Experiments were performed on 39 adult male C3H mice (The Jackson Laboratory, Bar Harbor, Maine), weighing 18–20 g. The mice were housed in accordance with NIH guidelines, and all of the procedures were approved by the Animal Care and Use Committees at the University of Minnesota. Injection of tumor cells were performed as described previously (5, 6, 7 , 21) . After induction of general anesthesia with sodium pentobarbital (50 mg/kg, i.p.), an arthrotomy was performed exposing the condyles of the distal femur. HBSS (Sigma, St. Louis, MO; sham, n = 8) or medium containing 10⁵ osteolytic murine sarcoma cells (20 µl, NCTC 2472; American Type Culture Collection, Rockville, MD; tumor, n = 16) was injected into the intramedullary space of the mouse femur and the injection site sealed with dental amalgam.
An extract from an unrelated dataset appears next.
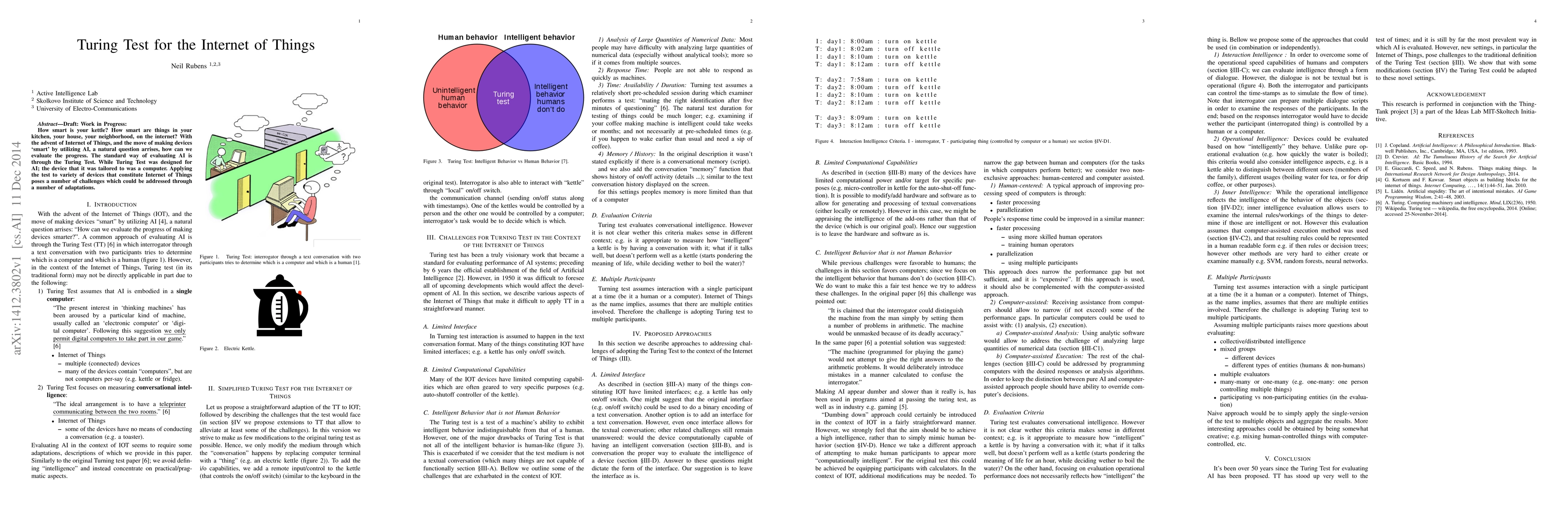 How smart is your kettle? How smart are things in your kitchen, your house, your neighborhood, on the internet? With the advent of Internet of Things, and the move of making devices `smart' by utilizing AI, a natural question arrises, how can we evaluate the progress. The standard way of evaluating AI is through the Turing Test. While Turing Test was designed for AI; the device that it was tailored to was a computer. Applying the test to variety of devices that constitute Internet of Things poses a number of challenges which could be addressed through a number of adaptations.

Treatment with Selective COX-2 Inhibitor.
Mice were randomly placed into two treatment groups receiving either regular diet (sham + vehicle: n = 4; sarcoma + vehicle: n = 9) or diet containing MF tricyclic (0.015% or 30 mg/kg/day; Merck and Co., Kirkland, Quebec, Canada; sham + MF tricyclic: n = 4; sarcoma + MF tricyclic: n = 9) beginning 6 days after injection. MF tricyclic is a selective COX-2 inhibitor, which demonstrates >3000-fold selectivity for COX-2 than COX-1 (22) and is more selective than either celecoxib or rofecoxib (23) . An established dose-response relationship for MF tricyclic and inhibition of tumorigenesis has been described previously (22 , 24) , and the dose we used was without observable side effects (23 , 25) . Initiation of treatment was based on the time at which observable bone destruction begins (6) and was terminated at 14 days after injection when there was significant bone destruction. Terminal bleeds were performed, and plasma was sent for analysis (Merck and Co.). To test the effects of acute COX-2 inhibition on bone cancer pain, sham (n = 6) or sarcoma-injected mice (n = 9) were administered the selective COX-2 inhibitor NS-398 (100 mg/kg, p.o.; Sigma) or vehicle (DMSO, p.o.; Sigma) 14 days after tumor or vehicle injection, and then behaviorally tested 30 min later. NS-398 was used in acute studies because of the unavailability of MF tricyclic in powdered, nonchow form at that time.

Pain-related Behaviors.
All of the mice were tested for pain-related behaviors 14 days after sham or tumor injections. Ongoing and movement-evoked pain behaviors were analyzed as described previously (7) . Quantification of spontaneous and palpation-induced flinches over a 2-min observation period were used to measure ongoing and palpation-evoked pain, respectively.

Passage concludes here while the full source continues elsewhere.